Children's Literature - Ken Marantz and Sylvia Marantz
Our narrator's little sister has some unusual imaginary friends. Maggie insists that a family of pink monkeys has moved into their refrigerator. He is distressed because the rest of his family seems to go along with her fancy, no matter how he argues for reality. He tries to get used to living with imaginary monkeys, but it isn't easy. When his friends come over, however, and make fun of Maggie and her ideas, big brother comes to her rescue. He stands by her, telling his friends that the monkeys have moved in. "And we're keeping them." The only monkeys we readers see are peeking out at us from the refrigerator on the jacket and mainly dancing along the bottoms of the end pages, reinforcing the whimsical tone of this tale of sibling support. Carter's full page and vignette illustrations done in black colored pencil and gouache add to the light-heartedness. More cartoon-y than naturalistic, the characters ring true in their relationships, as does the setting, with monkeys not seen but accepted as there. Reviewer: Ken Marantz and Sylvia Marantz
School Library Journal

K-Gr 2

A big brother is skeptical of the little pink monkeys his sister says have moved into the refrigerator. Dad supports Maggie's claim, and "was careful not to shut the door on their tails when he took out the mayonnaise." Mom makes extra banana pudding for them and older sister Kate helps dress them in invisible clothes. Big brother doesn't buy the premise that they live in the refrigerator because they are polar monkeys. When he confronts his mother, she responds, "Sometimes...it's hard to know what's real." When his friends come over, they laugh at Maggie's monkeys and threaten to let them escape. Big brother notices and responds to Maggie's tears and "quick, worried suck" of her thumb. He steps up to her defense, affirming his love for her. Carter's black colored pencil and gouache cartoon illustrations feature a lively family in a cheerfully decorated home. Pages depicting characters who support Maggie's belief are framed and have a little monkey hanging onto the border. Pages with big brother's skepticism are plain and unframed until he, too, buys into the story. This splendidly crafted tale of imagination and family love may start discussions about what is real, what is not, and the power of persuasion.-Laura Scott, Farmington Community Library, MI

Kirkus Reviews
A family of pink polar monkeys has moved into the refrigerator, and Maggie's older brother cannot fathom why the entire family is catering to the imagination of his still-thumb-sucking younger sister. But no one will listen to his protests, and Mom simply says, "Sometimes it's hard to know what's real." When he can't beat them, he joins them, but his imagination is just not up to Maggie's standards. However sick of monkey business he is, though, when his friends threaten his sister's peace-of-mind, he become Horton-like and protects both the pink monkeys and his sister.
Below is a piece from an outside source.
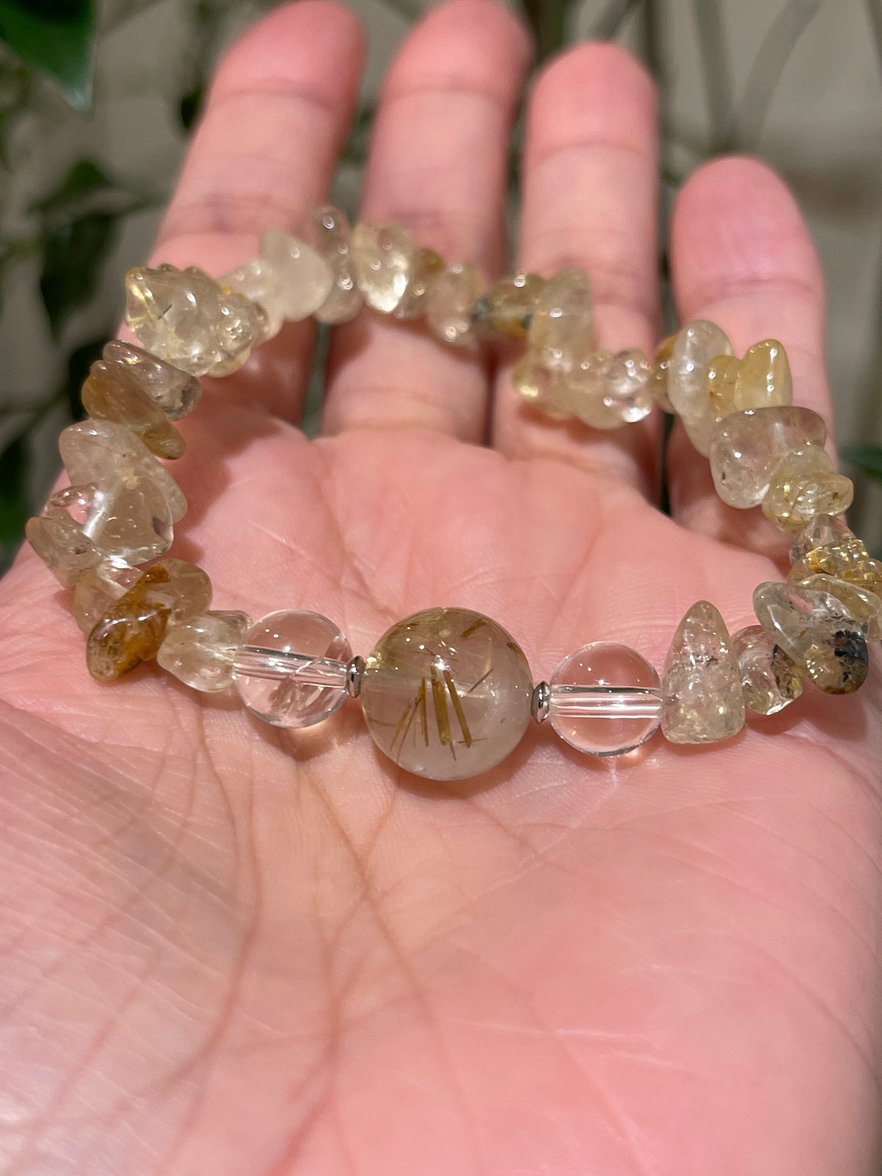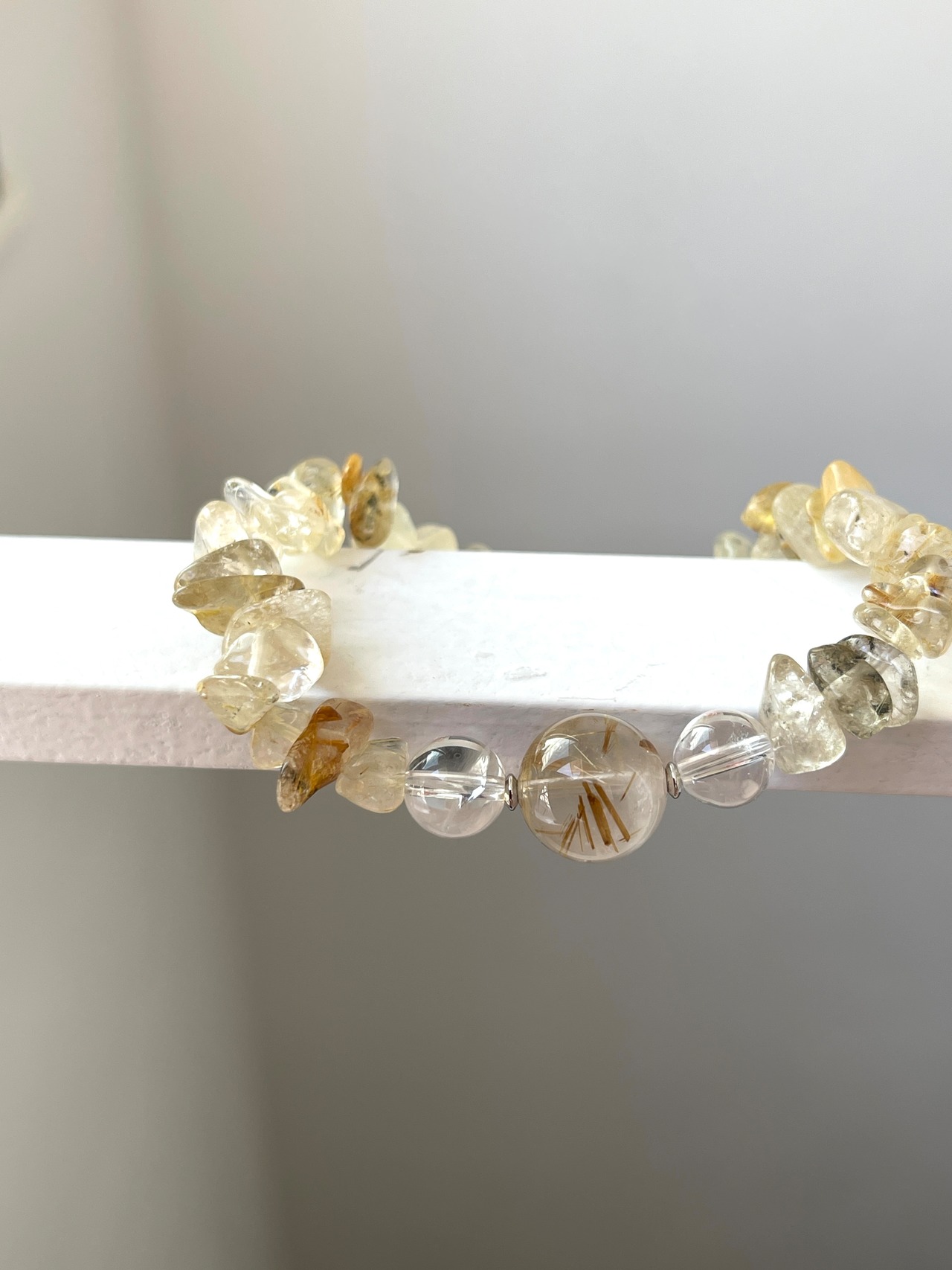 ルチルクォーツのチップが珍しいパワーストーンブレスレットが入荷しました♪

In her children's debut, Sanders-Wells wonderfully encapsulates the difficulties of being a middle child-simultaneously too old and too young. Carter's masterful facial expressions reflects this inner battle. Her gouache artwork is done in a bright, tropical palette that emphasizes the imaginative theme. While pink polar monkeys may not exist, what is very real is the love and loyalty of a big brother. A humorous tale sure to make siblings smile, even as they inwardly groan. (Picture book. 3-8)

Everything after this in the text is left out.